Year End Tax Tips
Posted On: 29/11/16 - 0

Year End Tax Tips

Special Tax Blog

2017 is almost upon us. It’s time again, to take advantage of the many personal and business tax-planning opportunities that are still available. This year end tax tips article provides numerous ways to save on taxes for 2016 and beyond. From all of us at Padgett Business Services N.W., we wish you a Happy New Year!

Contributing To Your RRSP

The most popular tax tip available to taxpayers is investing in a RRSP. Contributions to your registered retirement savings plan (RRSP’s) are tax deductible and the income earned within the plan grows tax deferred until retirement. It’s a great way to save for retirement and get the tax benefits each year you contribute. You can claim a contribution of up to 18% of 2015 earned income to a maximum of $25,370. Earned income is defined as income from employment, from business, net rental income from real estate, CPP disability pension, certain types of royalty, and spousal or child support payments that are included in your income.

Age Limit To RRSP Contributions

The age limit for contributing to an RRSP is 71 years of age.
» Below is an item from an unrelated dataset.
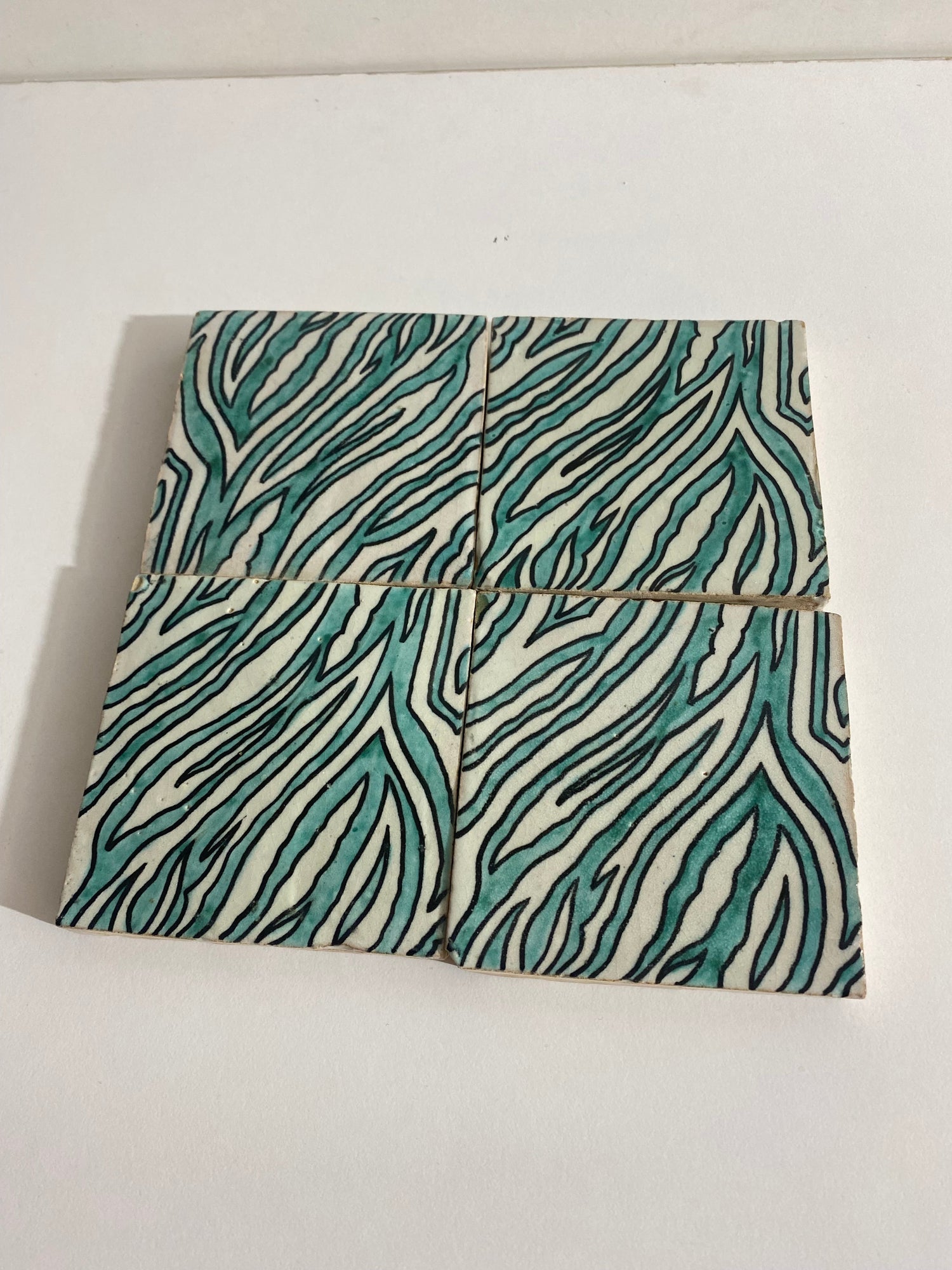 Zebre Ceramic tiles Hand painted 4"x4" 100% Handmade for Bathroom Remodeling and kitchen Projects works wall, ground and pool

The age limit for converting an RRSP to an annuity or RRIF is also 71. Be very mindful of your contribution limits. Over-contributions can trigger a severe penalty.  When you get your tax return prepared, your accountant will be able to advise you on your RRSP contribution limits.

Eligible Deductions &  Tax Credits

If you pay the following expenses by December 31, 2016 they will be eligible for the deductions of tax credits.· Childcare and  child fitness expenses. Political and charitable donations. Tuition and accounting fees. Deductible support payments. Children’s recreational or cultural fees. Union and professional dues. Investment counsel fees. Moving and medical expenses. And finally, interest paid on loans used to purchase investments developmental fees.